The last approach does not need constructing the PCA model, it only benefits from the
last principal components. The simulation results have demonstrated the adaptability, reliability,
credibility, and applicability of the proposed recursive fault detection approaches
compared to the traditional methods.
Two isolation methods are developed for time varying process monitoring. The proposed
isolation methods depend on recursive calculating of the contribution of each process variable
in the monitoring indices that are used to measure the processes healthy. The proposed
isolation methods are: (i) Recursive Partial Decomposition Contributions (RPDC), (ii) Recursive
Diagonal Contributions (RDC). Moreover, an integrated fault detection and isolation
approach is introduced for monitoring time varying industrial processes. The proposed
recursive monitoring methods are effective in detecting and isolating simple and complex
faults. Four types of sensor faults: bias, drift, precision degradation, and complete failure
are considered. Two indices based on the Hotelling’s T2 and SPE statistics are applied
for representing the contribution of the variables. The overall performance of the proposed
scheme was validated by using a non-isothermal continuous stirred tank reactor system. The
simulation results demonstrate the effectiveness of the proposed algorithms with respect to
the traditional methods. Most industrial processes are time-varying. So, the proposed
adaptive monitoring schemes are expected to have broad applicability in industry.
PCA based methods are basically linear. Nonlinearity in most chemical and biological
processes is still a significant problem. Kernel principal component analysis (KPCA) has
recently proven to be a powerful tool for monitoring nonlinear processes with numerous
mutually correlated measured variables. Kernel PCA model maps a nonlinear input space
into a high-dimensional feature space where the data structure is likely to be linear. Principal
components in the feature space can be calculated by means of integral operators and
nonlinear kernel functions. They require only linear algebra to develop a process monitoring
system compared to other nonlinear methods that involve nonlinear optimization. This
thesis proposes a kernel PCA method for determining the dimension of principal subspace.
The developed Kernel PCA method is tested using three different applications. The validity
of the developed method is measured through two indices: false alarm and missed detection
rates.
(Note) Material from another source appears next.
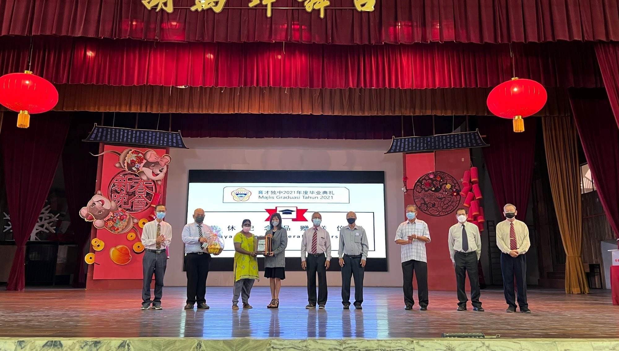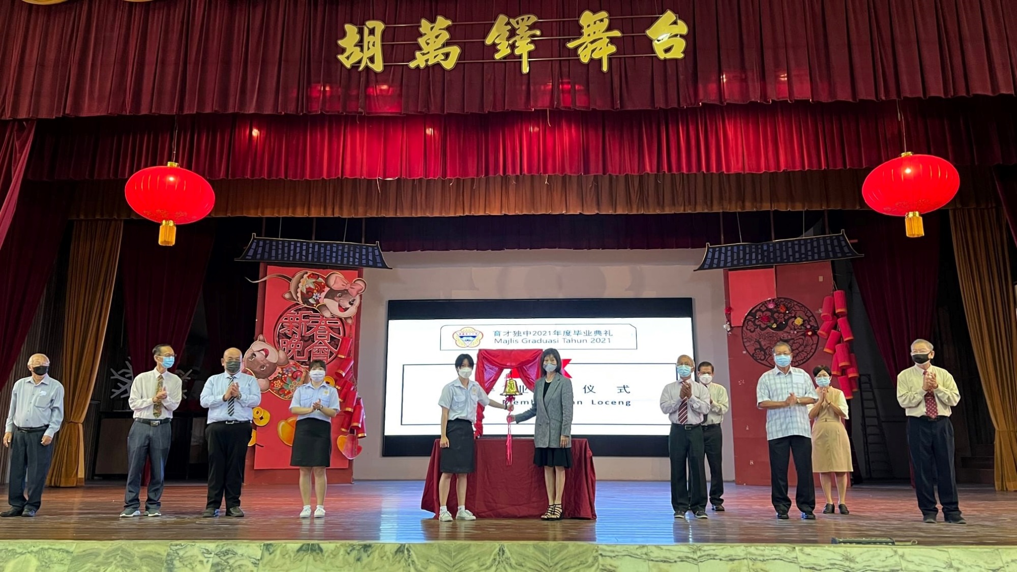 2021年《聚 · 离》毕业典礼 2021年12月28日发布 受到冠病疫情影响,霹雳育才独中阔别一年后在谨守防疫标准作业程序下举办2021年《聚·离》实体毕业典礼,共有175名高三毕业生参与,在老师的祝福下实现了参与毕业典礼的心愿。 主题为《聚·离》的初中第86届、高中第72届、汽修班第29届、文美班第28届毕业典礼,于12月24日在杨金殿礼堂举行。 董事长郑美云在毕业典礼上致词时感性地与毕业生分享本身的求学经验,表示母校的大门永远向毕业生敞开。如果毕业生进入社会后面对问题感到迷茫,可以联络学校,包括她本人,相信大家都能够给予建议。 她分享道,本身在求学时期,每当面对问题时,由于无法与家人很好地沟通,所以更偏向找老师倾诉,从中解惑和取得建议。因此,毕业生离校后,不要感到不好意思,有任何需要,只要学校力能所及都愿意给予帮助。 另外,她希望毕业生继承华校的优良传统,饮水思源,对家庭、母校、社会做出贡献;祝愿毕业生以豁达的态度和积极正向的心态面对未来一切挑战。 黎镇光校长致词时恭贺本届高三毕业生顺利完成学业和统考,并勉励他们纵使未来人生路上充满许多挑战,也不要害怕,要勇敢去面对。 他提醒毕业生在未来追寻梦想的道路上,谨记当个善良和负责任的公民;切记人生路上要不断精进自己,只有通过学习,人生才会更加精彩。 家教联谊会主席丘耀仁前往雪州进行水灾赈灾,不克出席毕业典礼,由该会副主席王淑媚老师代读致词稿。他祝愿毕业生带着师长的叮咛与祝福,实现自己的梦想,开始新的旅程。他也感谢育才独中每一位尽心尽力的师长,教导孩子们正确的学习态度与方式,成为一群经得起考验的孩子。 育才校友会理事长陈道恭致词时祝愿毕业生不管是在升学或就业都能继续大放光彩。他呼吁大家积极加入校友会的大家庭,共同捍卫华文教育,一起努力协助母校的发展。他也呼吁校友们要珍惜接下来的聚会时光,待疫情稳定及防疫限制放宽以后,多回母校走走。
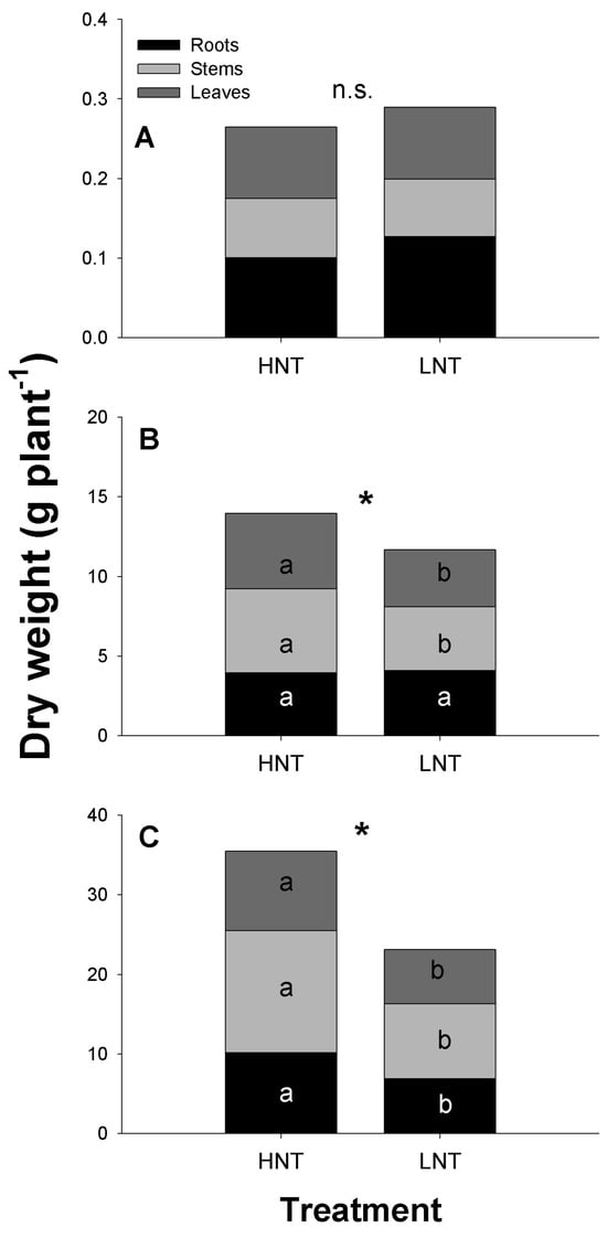 Total and organ dry weight of rice plants cv. IR64 subjected to high (HNT) or low (LNT) night root and meristem temperature for different lengths of time. (A): experiment 1, 7 days after treatment (dat); (B): experiment 2, 16 dat; and (C): 28 dat. Data were analysed by a two-way ANOVA with time after treatment, and root and meristem night-time temperature as main factors. When factors were statistically significant, the post-hoc Tukey test was performed. * Indicates significant differences in total and organ plant biomass due to root and meristem night-time temperature at p < 0.05, and n.s. indicates not significant at p < 0.05. Plant organs of different treatments labelled with different letters are statistically significant at p < 0.05.

On the basis of these error rates, the developed Kernel PCA method gives a better
monitoring performance than the linear PCA model.
Different applications are used to measure the validity, reliability and credibility of the
proposed approaches in this thesis. These applications implies a MATLAB/SIMULINK
model of a non-isothermal Continuous Stirred Tank Reactor (CSTR) system. The CSTR
is commonly process employed in literature for data driven-based methods. The successful
application of the proposed PCA methods to the CSTR process has demonstrated the
feasibility and effectiveness of these methods for process monitoring. The proposed methodologies
are fairly general and are applicable to most chemical processes. In short, many fault
detection and isolation approaches are proposed in this thesis. The main notable features of
these approaches are stemmed from their simplicity, low computational cost, and credibility
to real industrial processes monitoring.